In recent decades, the research work of artificial neural networks has been in progress, and the artificial neural networks have been developed, which have successfully solved many practical problems that are difficult to solve by modern computers in the fields of pattern recognition, intelligent robots, automatic control, predictive estimation, biology, medicine, economy, etc., and have shown good intelligent characteristics.
An integrated circuit (Integrated Circuit) is a circuit with specific functions that integrates a number of commonly used electronic components, such as resistors, capacitors, transistors, etc., and the wiring between these components, through semiconductor processes.
The artificial neural network circuit of the present invention performs the task given under the condition of stable synchronous transmission of the unified dominant of the clock signal, but the real brain does not have the clock signal, that is, the neural network in the human brain does not have the excitation of the clock signal, so that the performance of each task or brain activity cannot be transmitted in a synchronous manner. In order to simulate the asynchronous transmission condition and the result thereof, the invention provides the scheme, and the analysis, comparison and research are carried out on the result of synchronous transmission and the result of asynchronous transmission which are different from each other based on the design of a digital integrated circuit, so that the invention lays a road for future research.
Disclosure of Invention
The technical scheme of the invention is a neural network and a circuit design method for simulating the asynchronous transmission working state of the human brain, which is similar to that of the human brain.
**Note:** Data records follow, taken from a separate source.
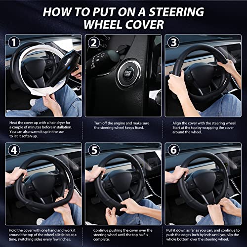 ?D Shape?Nowadays any cars come with a steering wheel that features a flat base that is fancy, sporty, more appealing, and more comfortable. SEG Direct D-type steering wheel covers are precisely designed for 14-14 1/4 inch flat bottom steering wheels. ?Upgrade Your Car Interior?A worn and faded wheel can put a damper on driving enthusiasm. This durable and easy-to-install steering wheel cover is perfect for boosting the appearance of your cabin or hiding a worn or old steering wheel. ?Hand-Saver?Crafted with delicate leatherette material, this soft steering wheel wrap enhances your driving comfort, helps reduce driving fatigue, and makes driving even more enjoyable. ?Non-Slip?Constructed from less slippery microfiber leather exterior and rubber lining, this car wheel cover adds secured safety performance when driving. It also protects your steering wheel from sunburn, scratches, fading, wear, and dirt. ?Ready to Install?Warm up the steering cover for munites, and slip it on your steering wheel. Installation is fairly easy, any adult can easily install this steering wheel cover.
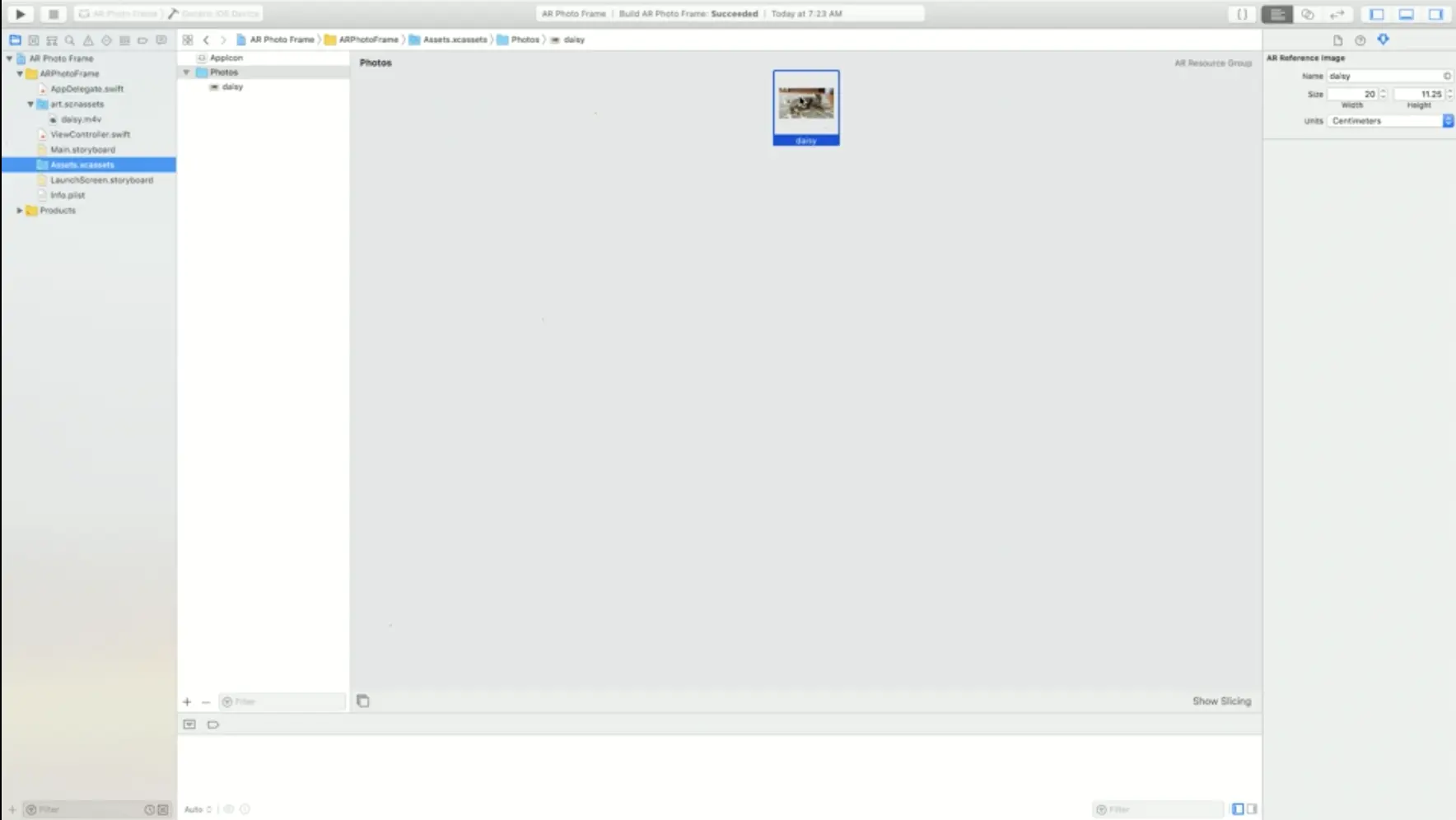在属性面板将此图片命名为 daisy,同时指定该图像文件在真实世界的尺寸,也就是相框的尺寸。此外还在 Xcode 中载入了一段 daisy 的视频:
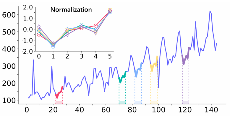经历前三阶段,获得了一个具有最大似然和最小困惑的符号化时间序列,接下来便是将符号重建到数值的时间序列以完成清洗过程。文章设计了一个基于线性回归(LR)的策略。对于一个清洗过的数据点,首先选择它所属最频繁的模式拟合,对于时间序列中所有相同的模式,将其中与清洗数据点位置相同的数据点的值设置为模型目标,将真实数据点对应的值设置为模型输入,然后利用这些拟合LR模型并得到参数。之后便计算清洗后数据点的重建结果。如果没有合适的模式或足够的初始干净数据点用于拟合,也可以直接选择质心作为结果。如图3所示,尽管变化方式表现相似,并且可能是反复出现的模式,但由于不同的基础值使他们的值变化很大。在这种情况下,概率计算阶段会将这样的模式单独计算。这些模式被称为同态模式,对行为相似的模式属于同一个同态集合。这种情况通常导致模式稀疏,文章通过引入同态模式聚合解决该问题。
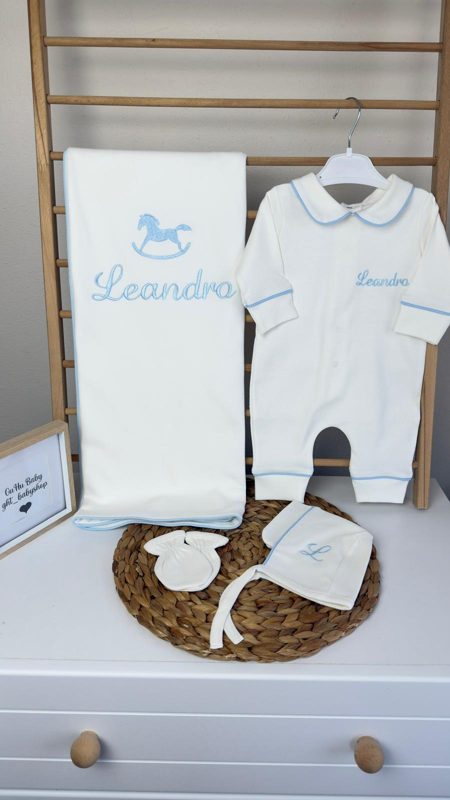 Hastane Çıkışı Seti, bebeğinizin ilk günlerinde ihtiyaç duyduğu parçaları bir araya getirir. Konforlu, şık ve kullanıma hazırdır.
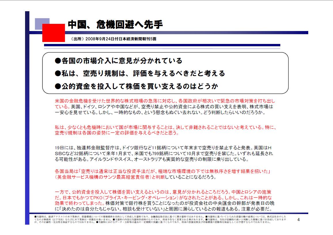 特に、空売り規制は各国の姿勢に一定の評価を与えるべきだと思う。
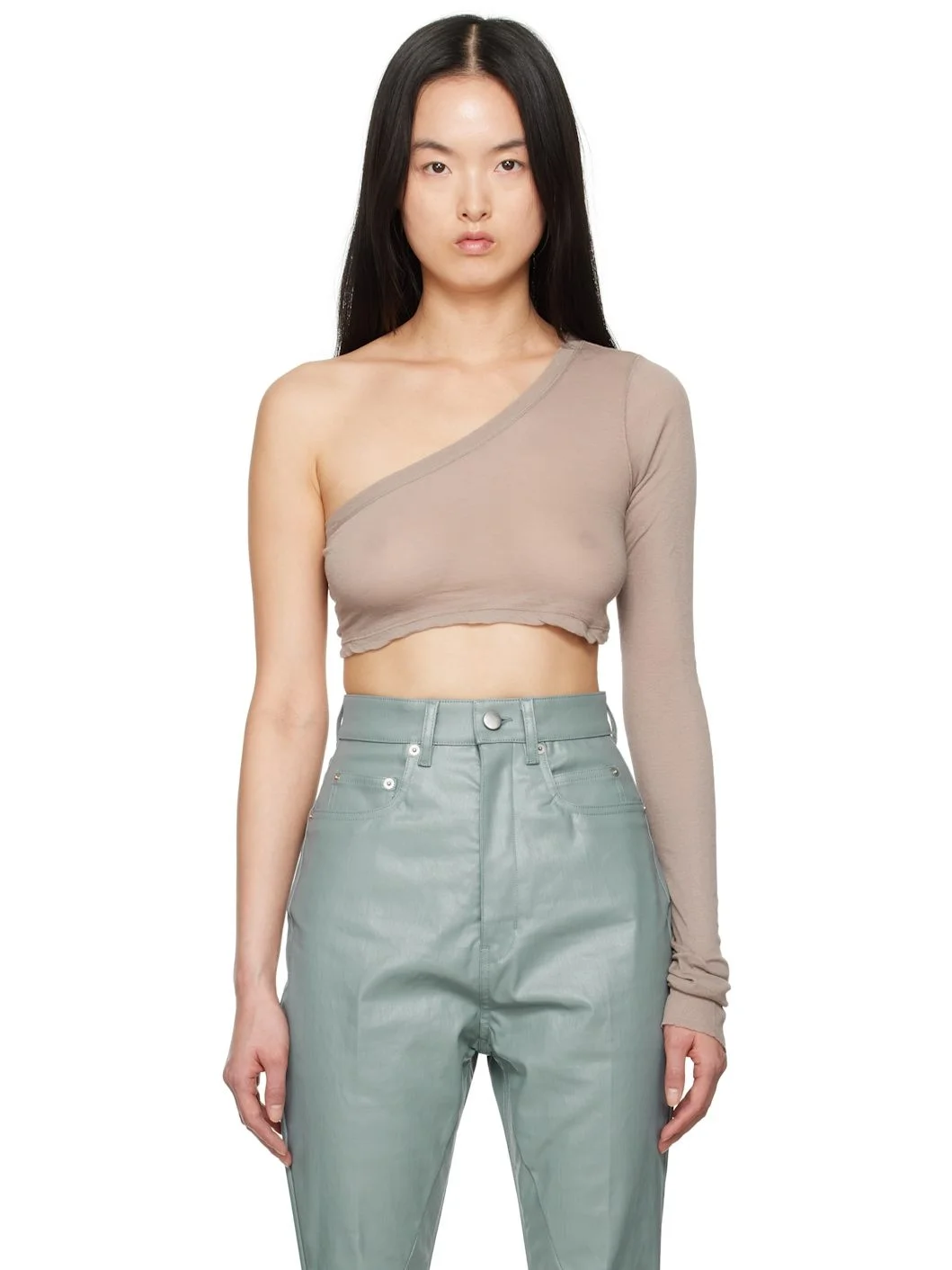 GOTS-certified organic cotton gauze jersey T-shirt. · Single-shoulder construction · Rib-knit neck and cuff · Cropped hem · Central seam at back Supplier color: Taupe 100% cotton. Made in Italy 251232F110030
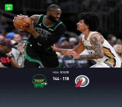 第四節(jié)凱爾特人加爾扎拿下9分,鵜鶘費(fèi)爾斯拿下14分,最終凱爾特人144-118戰(zhàn)勝鵜鶘
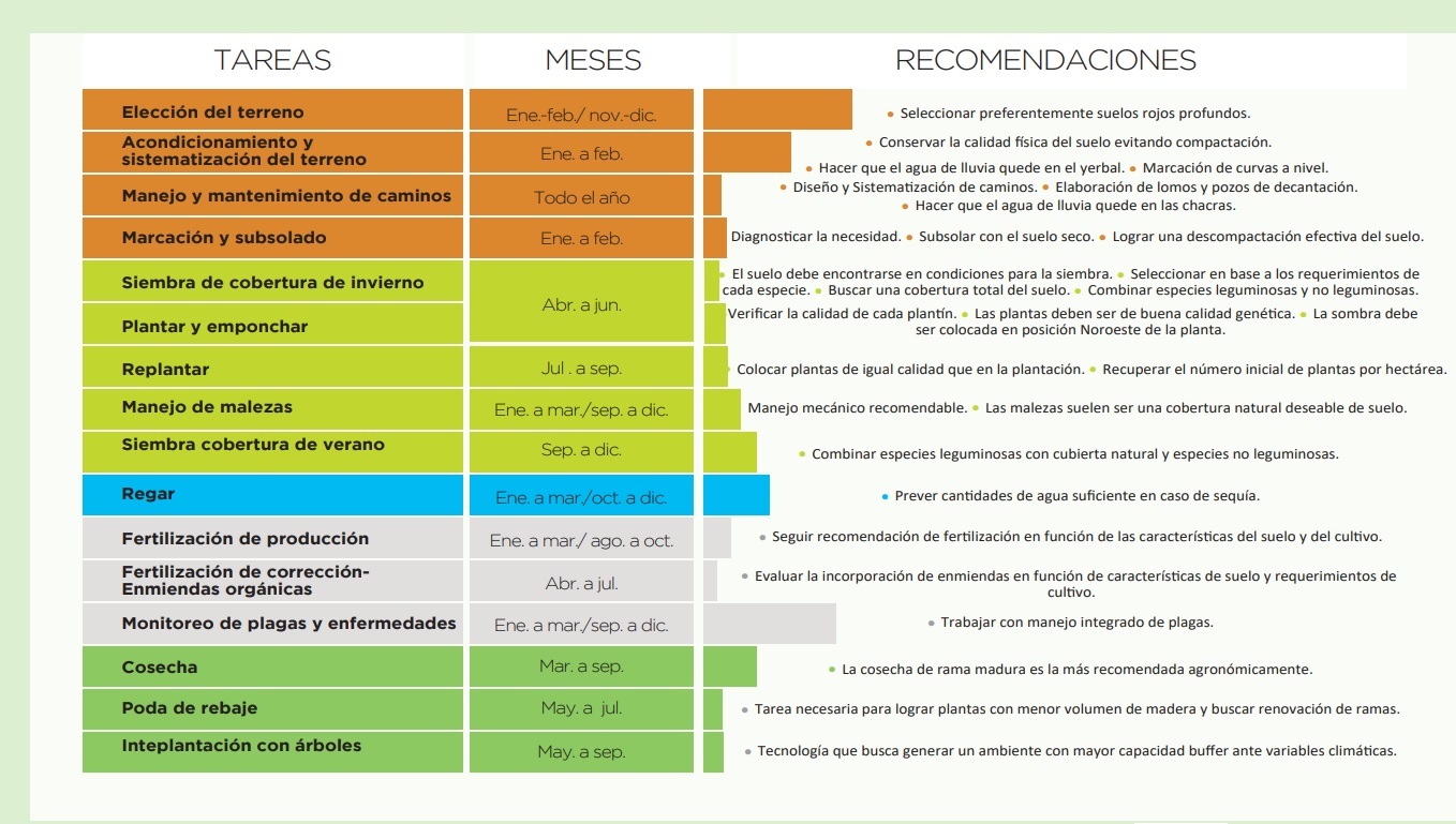 En el siguiente gráfico, la información base - las tareas, mes y recomendaciones- desde la elección del terreno para el nuevo yerbal hasta la cosecha, incluyendo temas como manejo y mantenimiento de caminos para que el agua de lluvia quede en la chacra, monitoreo de plagas, cobertura en distintas estaciones del año, incorporación de árboles nativos, y otras acciones.

The technical scheme adopted by the invention is a circuit structure of a neural network with asynchronous transmission characteristics, and the circuit structure is divided into six modules: the system comprises a working master control module, an input module, a synchronous neural network unit module, a neural network asynchronous control unit module, an output module and a comparison judging module; the working master control module is respectively connected with the input module, the neural network asynchronous control unit module, the synchronous neural network unit module, the output module and the comparison judging module, and the neural network asynchronous control unit module is connected with the synchronous neural network unit module; the neural network asynchronous control unit module comprises delay control and node control, an input module, a synchronous neural network unit module, and an output module which is connected with the comparison judging module sequentially; these six modules constitute the whole of the circuit structure.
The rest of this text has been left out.